The reality is that resolving PAYE risk does not automatically eliminate VAT risk. HMRC assesses labour supply arrangements holistically, considering the entire structure, commercial substance, contractual relationships, and economic reality of the supply chain. If an arrangement is deemed to have been designed primarily to secure an unintended VAT advantage, HMRC has extensive powers to challenge it.

This is particularly relevant in modern labour supply chains where multiple parties may be involved, including umbrella companies, payroll providers, intermediaries, partnerships, and outsourced service providers. Where the contractual documentation does not align with the actual operating model, HMRC may look beyond the paperwork and challenge the underlying arrangement.

For recruiters, the consequences can be substantial. VAT assessments, penalties, reputational damage, and disruption to client relationships can arise even where PAYE obligations have been satisfied.

Risk becomes more complex

The risk landscape has become even more complex following the Government’s decision to strengthen the Promoters of Tax Avoidance Schemes (POTAS) regime alongside the introduction of JSL measures. These enhanced powers significantly expand HMRC’s ability to investigate and act against arrangements it considers high-risk or avoidance-driven.

Importantly, HMRC’s focus is no longer limited to the original scheme promoter. The revised rules allow HMRC to examine the wider network of businesses connected to an arrangement, including facilitators, introducers, intermediaries, and other participants within the supply chain.

For recruiters, this represents a significant shift. Agencies that recommend, facilitate, introduce, or continue to operate through questionable structures may find themselves subject to increased scrutiny.

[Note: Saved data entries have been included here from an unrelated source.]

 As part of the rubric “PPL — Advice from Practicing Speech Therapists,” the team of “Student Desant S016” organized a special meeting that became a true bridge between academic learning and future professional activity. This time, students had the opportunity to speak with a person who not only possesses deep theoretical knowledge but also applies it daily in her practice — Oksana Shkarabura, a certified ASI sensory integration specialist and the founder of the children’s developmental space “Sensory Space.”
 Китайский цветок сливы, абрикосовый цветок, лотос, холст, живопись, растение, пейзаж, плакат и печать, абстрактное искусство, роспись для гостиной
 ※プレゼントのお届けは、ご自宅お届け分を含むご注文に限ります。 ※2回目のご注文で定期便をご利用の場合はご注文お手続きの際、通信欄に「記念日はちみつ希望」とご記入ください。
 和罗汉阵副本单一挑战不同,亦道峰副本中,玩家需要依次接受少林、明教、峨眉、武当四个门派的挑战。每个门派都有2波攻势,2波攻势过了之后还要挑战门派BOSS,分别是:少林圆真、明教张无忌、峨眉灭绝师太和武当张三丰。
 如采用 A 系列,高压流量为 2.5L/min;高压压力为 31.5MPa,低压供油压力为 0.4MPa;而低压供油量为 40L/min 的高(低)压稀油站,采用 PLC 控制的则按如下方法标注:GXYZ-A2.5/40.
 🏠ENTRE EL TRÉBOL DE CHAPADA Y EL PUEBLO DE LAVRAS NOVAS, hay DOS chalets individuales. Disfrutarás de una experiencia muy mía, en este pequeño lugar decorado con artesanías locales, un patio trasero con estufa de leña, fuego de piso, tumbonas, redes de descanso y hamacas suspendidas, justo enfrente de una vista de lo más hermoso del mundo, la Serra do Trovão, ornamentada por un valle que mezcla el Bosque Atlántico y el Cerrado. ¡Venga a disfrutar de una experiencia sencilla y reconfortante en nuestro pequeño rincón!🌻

HMRC can seek access to communications, marketing materials, due diligence records, and other documentation to establish the extent of involvement and awareness.

The potential consequences extend beyond financial penalties. Organisations may face monitoring notices, public disclosure measures, restrictions on future business activities, and, in the most serious cases, criminal investigation.

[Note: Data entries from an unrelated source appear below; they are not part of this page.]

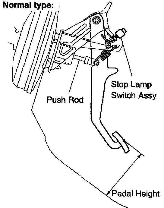 If incorrect, check the stop lamp switch assy clearance.
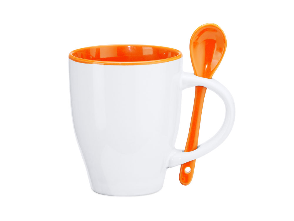 Керамическая кружка емкостью 350 мл. Цветная внутренняя часть и ложка в тон. Продукт подходит для использования в микроволновой печи и посудомоечной машине.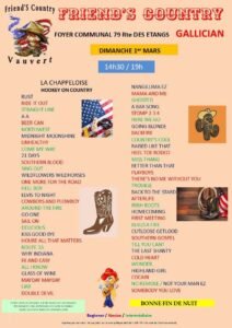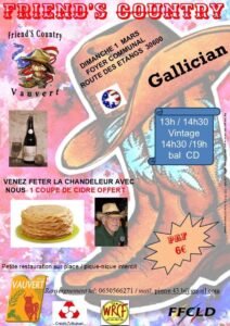 Le Dimanche 1er Mars 2026, Après Midi Bal Country des *Fiend’s Country Vauvert*, de 14h30 à 19h00, Foyer Communal, Route des Etangs, à Gallician (30600), Gard.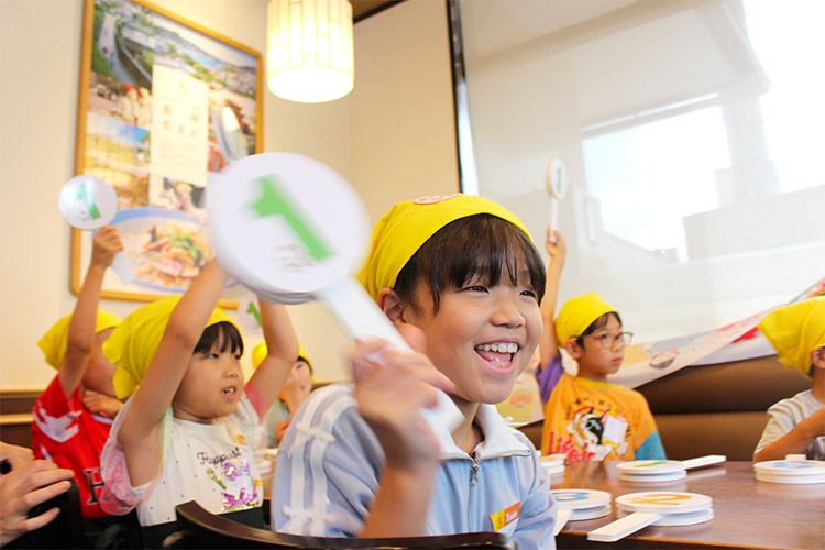 ちゃんぽんにまつわるクイズや実際に野菜に触れながら、野菜について楽しく学びます。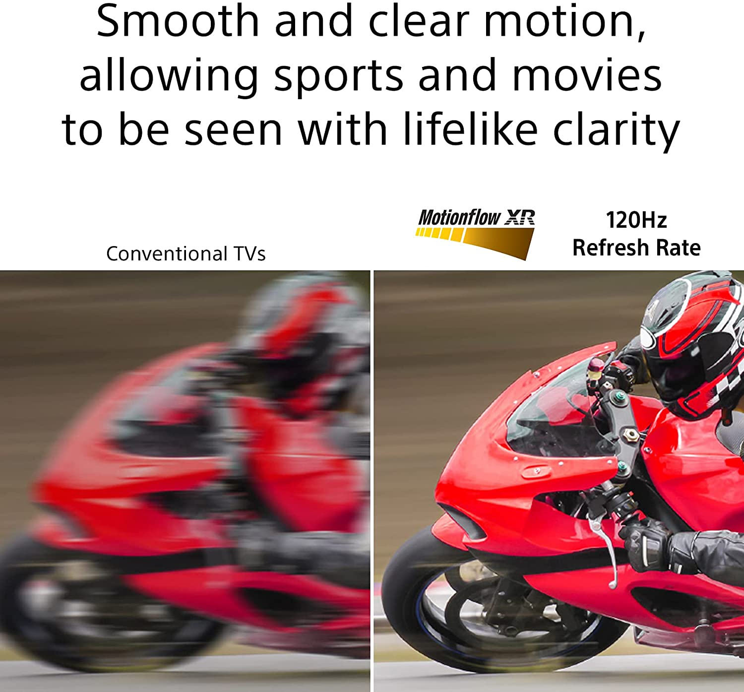 MOTIONFLOW XR WITH NATIVE 120HZ REFRESH RATE– On-screen motion stays smooth and clear, allowing fast moving sequences in sports, action movies, and games to be seen with lifelike clarity.
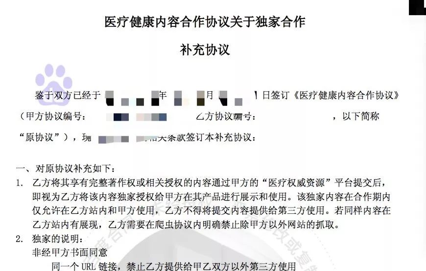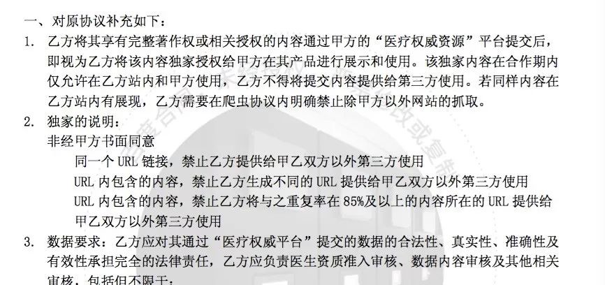 同时,百度方还表示,自去年下半年,百度发现友商在盗用百度与资源方合作共建的数据,为保护百度及资源方利益,保障医疗垂类权威数据生产的可持续发展,在与资源方沟通后,百度将与资源方的合作升级为独家合作,并签署独家合作协议。

The introduction of the Corporate Criminal Offence provisions under the Criminal Finances Act adds another layer of responsibility. Under these rules, businesses are expected to maintain reasonable procedures designed to prevent the facilitation of tax evasion within their operations and supply chains.

For recruiters, this means that relying solely on assurances from providers is not enough. Agencies must be able to demonstrate that they have undertaken appropriate due diligence and have assessed the compliance credentials of the businesses they engage with.

Questions recruiters should consider include:

  • Can the provider clearly explain how the VAT model operates?
  • Does the commercial structure make genuine business sense?
  • Are there unusually high financial incentives being offered?
  • Is the supply chain transparent and easy to understand?
  • Has independent compliance verification been obtained?
  • Are governance and audit procedures in place?

Failure to ask these questions may expose recruiters to avoidable risks.

Wider ecosystem under consideration

The direction of travel from HMRC is clear. The focus is no longer simply on recovering unpaid tax after the event. Instead, HMRC is increasingly targeting the wider ecosystem surrounding tax avoidance arrangements, including those who facilitate, support, recommend, or benefit from them.

As a result, recruiters must broaden their compliance focus. Assessing PAYE compliance remains essential, but it should form only one part of a wider due diligence process that considers VAT treatment, supply chain integrity, governance controls, and anti-avoidance risks.

In today’s regulatory environment, agencies that adopt a proactive and robust compliance culture will be far better positioned to protect their businesses, clients, contractors, and reputations. Those that continue to engage with opaque or aggressive arrangements may find themselves exposed to financial liabilities, regulatory scrutiny, supply chain exclusion, and significant reputational damage.

The message for recruiters is simple: when evaluating labour supply solutions, don’t stop at PAYE. Understanding the full compliance picture has never been more important.